Нина вытянула губы трубочкой, поправила прическу.
– Прям счас. Разбежалась!
Она одернула юбку, достала пудреницу и, не обращая на кавалера ни малейшего внимания, принялась приводить себя в порядок.
По мере того как лицо девушки приобретало нормальный вид, Рында чувствовал нарастающую неловкость, будто между ними вновь вырастал барьер разницы образования, воспитания, умственного развития, манеры держаться...
Если бы дело происходило на «пятачке», скорее всего он бы проглотил очередной отказ. Но обнаженная откровенность окружающей обстановки побуждала к решительным действиям и не оставляла девчонке поводов для иллюзий. Деваться ей некуда. И хозяин здесь он, Рында!
– Я сказал – раздевайся!
Он выбил пудреницу, одним движением задрал юбку до желтых, в синий горошек трусов.
– Или хочешь по морде?
Огромный кулак приблизился к девичьему лицу, и она оставила попытку вернуть юбку обратно.
– Ну!
Вздохнув, Нина ловко вывернулась из платья, чуть приподнявшись, стащила трусики, заведя руки за спину, расстегнула лифчик.
– Что дальше?
Во взгляде и голосе чувствовалось нескрываемое презрение, но Рынде было на это наплевать.
– Ложись!
Он откинул сиденье.
Нина выполнила команду, согнутым локтем закрыла лицо, выражая полное равнодушие к тому, что ей предстоит перенести.
– Хоть резинку надень! – бросила она напоследок, но Рында уже залазил сверху.
Он не имел опыта секса в машине, путался в ногах девушки, рулевой колонке и рычаге переключения передач, раздражаясь все больше и больше.
– Не так! Выходи!
Он вытащил Нину наружу, заставил нагнуться, уперевшись руками в сиденье.
Мучившее его виденье материализовалось, босые ступни девушки погружались в опавшую листву, крепкие икры и округлые бедра образовывали узкий, вытянутый кверху треугольник, он потрогал место, где ноги сходились, и чуть подсел, примеряясь под массивные, в пупырышках «гусиной кожи» ягодицы. Плоть была сухой и неподатливой, будто он втискивался в локтевой или коленный изгиб. Но он все же прорвался взад-вперед, только вместо бутылочного подзвона скрипели пружины сиденья Девушка оставалась безучастной.
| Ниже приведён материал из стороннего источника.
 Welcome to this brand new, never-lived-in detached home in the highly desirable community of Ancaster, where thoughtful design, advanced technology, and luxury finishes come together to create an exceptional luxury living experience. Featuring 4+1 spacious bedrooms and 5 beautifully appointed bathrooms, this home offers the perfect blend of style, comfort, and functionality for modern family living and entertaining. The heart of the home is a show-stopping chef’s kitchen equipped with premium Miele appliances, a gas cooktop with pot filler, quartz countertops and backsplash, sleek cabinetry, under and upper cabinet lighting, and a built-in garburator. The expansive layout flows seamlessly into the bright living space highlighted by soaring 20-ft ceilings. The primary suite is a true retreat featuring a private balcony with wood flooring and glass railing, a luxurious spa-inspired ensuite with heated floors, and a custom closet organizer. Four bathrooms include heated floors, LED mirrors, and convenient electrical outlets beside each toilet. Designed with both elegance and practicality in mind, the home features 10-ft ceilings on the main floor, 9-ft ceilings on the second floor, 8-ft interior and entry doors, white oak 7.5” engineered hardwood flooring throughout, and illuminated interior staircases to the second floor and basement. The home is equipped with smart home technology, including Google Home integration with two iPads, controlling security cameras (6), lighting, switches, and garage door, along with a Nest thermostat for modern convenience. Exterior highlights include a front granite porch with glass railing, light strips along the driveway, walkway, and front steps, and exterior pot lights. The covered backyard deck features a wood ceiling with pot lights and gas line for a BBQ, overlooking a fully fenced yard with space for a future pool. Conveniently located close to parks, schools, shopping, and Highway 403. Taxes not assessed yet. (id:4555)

Внезапно она засмеялась. Некоторые бабы смеются, когда ловят кайф от этого, но Нина просто смеялась, будто вспомнила забавную вещь.
– Знаешь, что про тебя говорил Баркас?
Рында сейчас видел, делал и ощущал то же, что и бригадир. Больше того, он добился своего, чтобы поравняться с Баркасом. Но не получал особого удовольствия от происходящего и не чувствовал ожидаемого равенства. Потому неожиданный и неуместный вопрос, а особенно интонации в голосе Нины задели его за живое.
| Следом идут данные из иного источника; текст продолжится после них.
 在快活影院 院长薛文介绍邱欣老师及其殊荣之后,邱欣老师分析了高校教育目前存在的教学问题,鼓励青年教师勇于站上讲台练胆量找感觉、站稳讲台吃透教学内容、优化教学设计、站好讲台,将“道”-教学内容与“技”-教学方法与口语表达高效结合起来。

– Что? – хрипло выдохнул он.
Нина снова засмеялась.
– Что ты жуткий урод! Шаман даже запретил приводить тебя к нему.
Вряд ли кому-то понравится, когда в разгар секса партнерша совершенно спокойным голосом говорит тебе гадости. Нина умышленно ломала кайф партнеру, хотя понимала, что вполне может схлопотать по морде.
Но она не знала, что написано в медицинской карте Рынды. «Психопатическая личность, утрачивающая вменяемость при актуализации комплекса неполноценности, связанного с внешностью и уровнем развития».
Нина не успела закончить фразу. Рында зарычал, руки сорвались с бедер девушки и метнулись к шее, из такого положения схватить наверняка было трудно, он мял плечи, подбираясь к горлу, они упали на землю, но не разъединились, его нижняя часть продолжала коитус, а верхняя душила партнершу, ломала ей шейные позвонки. До того безвольное тело напряглось и задергалось, как будто в нем пробудилась страсть, это помогло Рынде мгновенно облегчиться.
– Сука, сука, сука! – хрипел он, нашаривая вынутый изза пояса, чтоб не мешал, пистолет. Но скользкая пластиковая рукоятка под руку не попадалась, а надо было заканчивать и то, что делала верхняя половина тела. Пальцы скользнули в карман, щелкнула пружина, и острый клинок первый раз воткнулся в голую спину между лопаток. Потом он вырвался обратно, расплескивая теплые брызги, вонзился второй раз, третий, четвертый...
Шея под светлыми волосами, ключица, левый бок, поясница... Точно орел клевал железным клювом, выбирая наиболее уязвимые места. Рында не участвовал в происходящем, он со стороны наблюдал проделки орла, иногда мысленно подсказывал, а орел все понимал...
Потом орел исчез, а Рында остался наедине с исклеванным, залитым кровью телом. Он затащил его в кусты, завалил сухими ветками, пытался устроить костер, но спички ломались, не хотели зажигаться, и он отказался от этой затеи.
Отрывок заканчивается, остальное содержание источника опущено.